The other case involved whether BLM actions on logging and road construction on the east side of the Cascade Mountains should be halted while BLM and the Forest Service developed an ecosystem management strategy for the entire area, as ordered by the Clinton Administration in 1994. In this case, Clearwater Land Exchange and another property owner were allowed to intervene as defendants with BLM.
The environmentalists argued that BLM should have imposed a moratorium on logging, road construction, and land exchanges while the ecosystem management strategy was being prepared and an environmental impact statement under NEPA was being done, in order to preserve possible alternatives that might be identified in the EIS. Based on the recommendations of a magistrate judge, Chief Judge Michael R. Hogan of the U.S. District Court in Oregon dismissed the environmentalists' case. The environmentalists appealed but the Ninth Circuit affirmed Hogan's dismissal.
The crux of the environmentalists' argument was that BLM's decision not to institute a moratorium constituted a final agency action under the Administrative Procedures Act, thus creating a "challengeable" action under NEPA. Writing for a three-judge panel, Judge Arthur Alarcon concluded that this argument did not hold water. The environmentalists, Alarcon wrote, "cannot point to a deliberate decision by BLM to act or not to take action. Therefore, the district court did not err in finding that BLM's failure to implement a moratorium was not a final agency action."

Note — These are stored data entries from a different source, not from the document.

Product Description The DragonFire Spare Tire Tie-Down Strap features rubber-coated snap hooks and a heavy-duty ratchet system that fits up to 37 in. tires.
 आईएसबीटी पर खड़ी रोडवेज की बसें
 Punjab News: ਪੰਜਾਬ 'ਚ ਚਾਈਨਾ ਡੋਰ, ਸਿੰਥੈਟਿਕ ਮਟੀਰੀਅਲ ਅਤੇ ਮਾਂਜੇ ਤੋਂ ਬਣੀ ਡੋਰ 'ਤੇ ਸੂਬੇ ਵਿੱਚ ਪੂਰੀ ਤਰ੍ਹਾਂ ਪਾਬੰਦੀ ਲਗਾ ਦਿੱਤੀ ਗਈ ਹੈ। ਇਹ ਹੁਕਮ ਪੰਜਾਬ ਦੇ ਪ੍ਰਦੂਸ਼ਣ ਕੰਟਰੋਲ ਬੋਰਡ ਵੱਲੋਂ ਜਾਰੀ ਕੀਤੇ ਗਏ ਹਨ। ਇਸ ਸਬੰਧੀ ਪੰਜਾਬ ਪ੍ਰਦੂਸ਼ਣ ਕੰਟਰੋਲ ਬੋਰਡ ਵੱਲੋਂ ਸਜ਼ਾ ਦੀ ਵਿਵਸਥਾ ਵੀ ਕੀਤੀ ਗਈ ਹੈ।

The environmentalists also argued that it could file a lawsuit because BLM had failed to take required action under both NEPA and the Federal Land Policy Management Act. But the court again rejected this argument.

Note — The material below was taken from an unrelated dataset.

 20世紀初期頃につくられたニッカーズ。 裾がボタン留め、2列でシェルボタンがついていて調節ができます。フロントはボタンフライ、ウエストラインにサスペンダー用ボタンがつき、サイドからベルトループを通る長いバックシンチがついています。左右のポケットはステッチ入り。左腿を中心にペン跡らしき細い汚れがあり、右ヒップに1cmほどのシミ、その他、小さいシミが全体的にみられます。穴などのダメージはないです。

"The Eastside EIS will likely result in new data requiring at least an evaluation of the current RMPs (Resource Management Plans)," Alarcon wrote. "NEPA provides no guidance, however, as to the status of the existing plans. In this case, because the Eastside EIS will likely lead to some revisions of current RMPs, it is reasonable to conclude that the RMPs are existing program statements for the purposes of NEPA. The fact that revisions of other RMPs are not necessarily current does not change this result." Therefore, he concluded, the environmentalists have "failed to point to any clear statutory action for purposes of the Administrative Procedures Act." And, he added, the environmentalists had "not identified a clear duty under NEPA or FLPMA with which BLM must comply." Therefore, he said, no "challengeable action" had been taken.
Kettle Range Conservation Group v. Bureau of Land Management, No. 98-35516, 98 Daily Journal D.A.R. 7855 (issued July 20, 1998).
For Kettle Range: Marianne Dugan, Western Environmental Law Center, Portland.
For BLM: James R. Shively, Assistant U.S. Attorney, Spokane.
For Clearwater Land Exchange: Paul A. Turcke, Moore & McFadden, Boise.
ONRC Action v. BLM, No. 97-35467, 98 Daily Journal D.A.R. 8125 (issued July 30, 1998).
For ONRC Action: Marianne Dugan, Western Environmental Law Center, Eugene.
For BLM: Ellen J. Durkee, U.S. Department of Justice, Washgton, D.C.
For Clearwater Land Exchange: Paul A. Turcke, Moore & McFadden, Boise.